Upbringing, confidence, social skills and culture aside, what about racial prejudice based on physique and looks, women on average preferring tall men, and Asians/Indian men being shorter and smaller than the white or black majorities? I assume that alone limits their dating market value, in addition to what you mentioned.
———————————————–
on the topic of height, Latin men are also short in stature but they don’t struggle, they are “naturals”.

22 02 2014
Aaa

I’m a 6’1″ Iranian American and I’m incel. It’s not that ethnic guys are short that women don’t want us – it’s that women ONLY want the handsome, extremely tall, muscular, white douche the media has conditioned them to want. Men like many types of girls. Women only like ONE type of guy.

24 11 2013
rantsofanincel

I do not think that looks matter as much as you think they do. I am a decent looking guy, tall, in good shape, and I am still an incel. The reason I am an incel, is the same reason why most indians/asians are incel.
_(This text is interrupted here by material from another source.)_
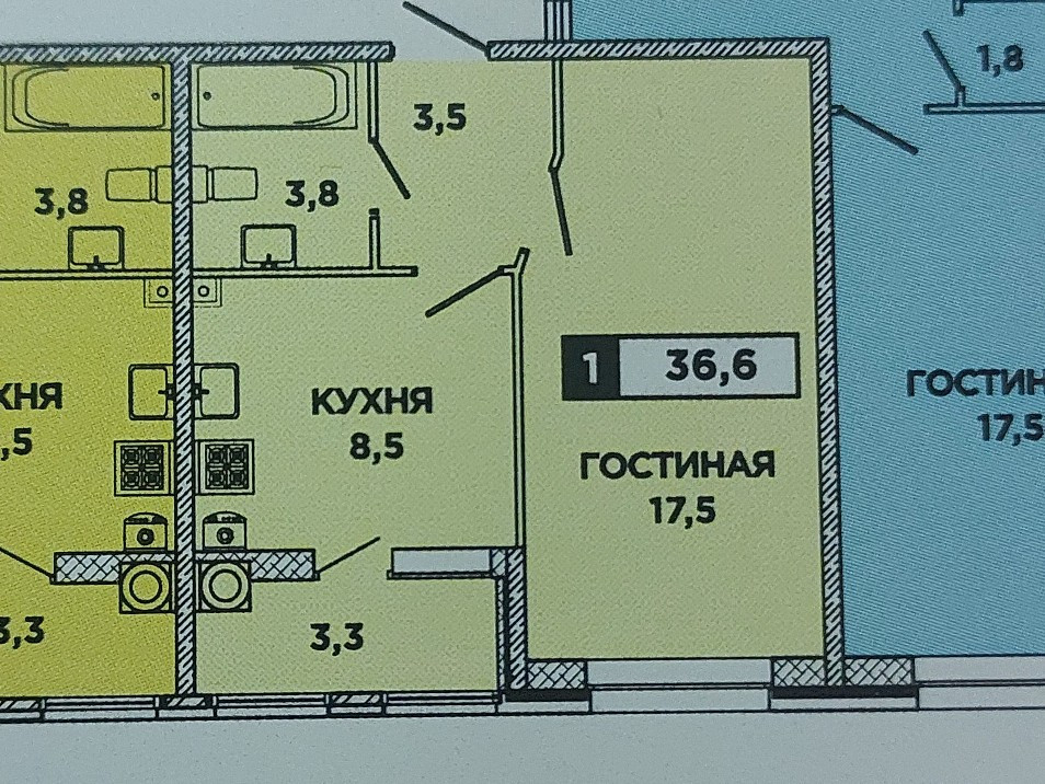 Общая площадь 36.7 м2

Overly intellectual, indifferent to social status, and shy. These three attributes are the kiss of death for today’s cunt.

24 11 2013
survivingincel

Mike, this is not very politically correct to say and you might take it the wrong way but, if you had rejection from women your entire life, you are probably not “decent looking” as you think. how women act before truly handsome men is something else all together. Check out my post on Paul Janka, who is good looking and a successful wall street trader(you can’t be a stupid thug, blue collar criminal to be that). Women and sex bloggers will fuck him for fun. They sure as hell don’t want to fuck you or me for fun.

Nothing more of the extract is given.